Le aspirazioni si riferiscono ad un nonancora (l’obiettivo, per definizione, non è
ancora stato raggiunto), ma sono anche una
modalità del presente.
Aspirare a qualcosa vuol dire dare un senso
al futuro: ma lo si fa nel presente, e il senso
del futuro si riverbera così sul senso dell’ora,
che dalla presenza dell’aspirazione è
modificato.
Chi aspira a qualcosa è più vigile di chi non
ha aspirazioni, è attento alle opportunità che
all’aspirazione possono venire connesse (e
che solo l’aspirazione, in verità, permette di
considerare tali); è attivamente aperto al
possibile.
• Compito delle politiche pubbliche volte al
contrasto della povertà è innanzitutto
quello di favorire la capacità dei poveri di
nutrire aspirazioni.
Le aspirazioni “non sono mai semplicemente
individuali […]. Prendono sempre forma in
stretta connessione con la vita sociale” .

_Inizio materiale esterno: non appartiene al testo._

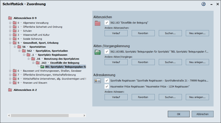 Beim Neuanlegen und Ändern von Objekten, also z.B. von Akten oder Schriftstücken, können Zuordnungen übernommen bzw. geändert werden.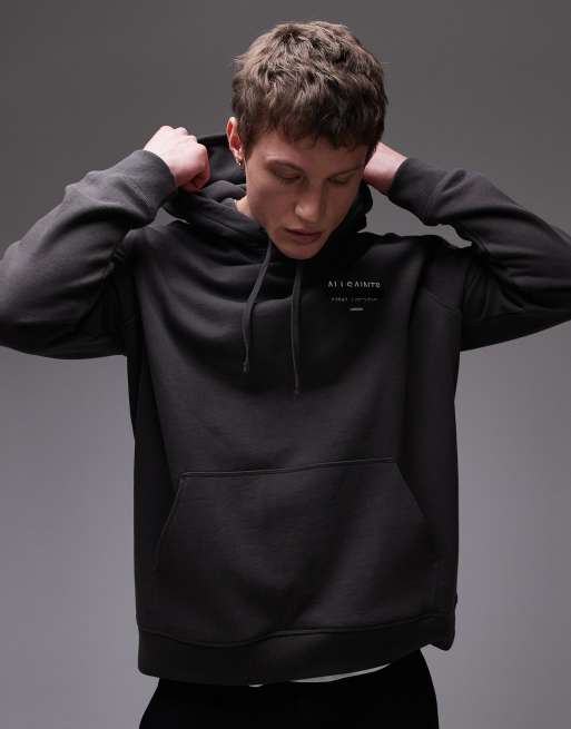 AllSaints Redact overhead hoodie in washed black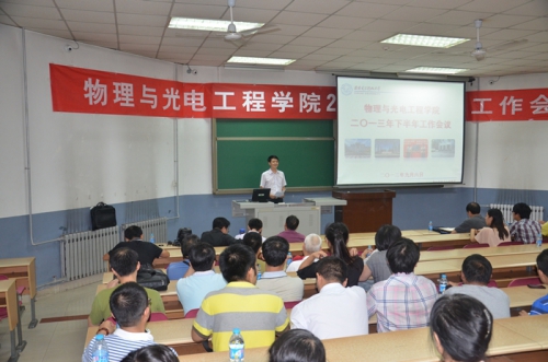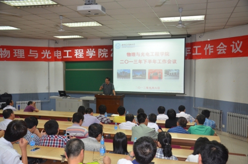 9月6日晚八点,物理与公司在北校区阶教101召开2013年下半年公司工作会议,传达公司2013年下半年工作会议精神,安排部署公司下半年具体工作。公司百余名教师参加了此次会议,副董事长陈勇出席会议并讲话。会议由杨光暐主持。

In altre parole: non è possibile aspirare a
qualcosa in modo avulso da come il futuro è
inteso socialmente, e dall’insieme di previsioni
(riguardo ai contesti in cui opera, e riguardo alle
proprie possibilità di successo) che si può
ragionevolmente considerare.
Tanto gli obiettivi cui appare sensato aspirare,
quanto il sistema di previsioni sul cui sfondo si
dipana il progettato corso d’azione dipendono
dai contesti sociali, e sono interiorizzati dagli
attori come parametri che disegnano il solco
entro cui le aspirazioni soggettive si collocano.
La sociologia sa da tempo che esistono “quadri
sociali” della memoria: ma esistono quadri
sociali anche per il futuro.
Per Halbwachs, la memoria non è mai un
fatto esclusivamente individuale. Essa è
sorretta da quadri sociali che rendono conto
dei nostri criteri di selezione e di
interpretazione dei ricordi.
La “memoria collettiva” è l’insieme delle
rappresentazioni del passato che ogni gruppo
produce, custodisce e trasmette attraverso la
comunicazione dei suoi membri.
I contenuti della memoria collettiva possono
riguardare eventi accaduti durante la vita dei
membri attuali di un gruppo oppure eventi
riguardanti un passato più remoto. La memoria
collettiva può assumere una veste più o meno
istituzionalizzata, oggettivandosi in pratiche
specifiche, in luoghi o in artefatti significativi,
ma la sua origine e la sua riproduzione si situano
comunque al livello delle pratiche comunicative
di cui la vita sociale è intessuta.
Nel corso di queste pratiche si verificano
processi di selezione del passato rilevante che
possono basarsi su criteri consensuali o essere
oggetto di conflitto. In ogni caso, questi processi
non sono mai indipendenti dalla struttura di
potere che di volta in volta caratterizza il gruppo
o la società.
Quanto più la società è complessa, tante più
sono le memorie collettive che ospita. Tali
memorie si confrontano nella sfera pubblica.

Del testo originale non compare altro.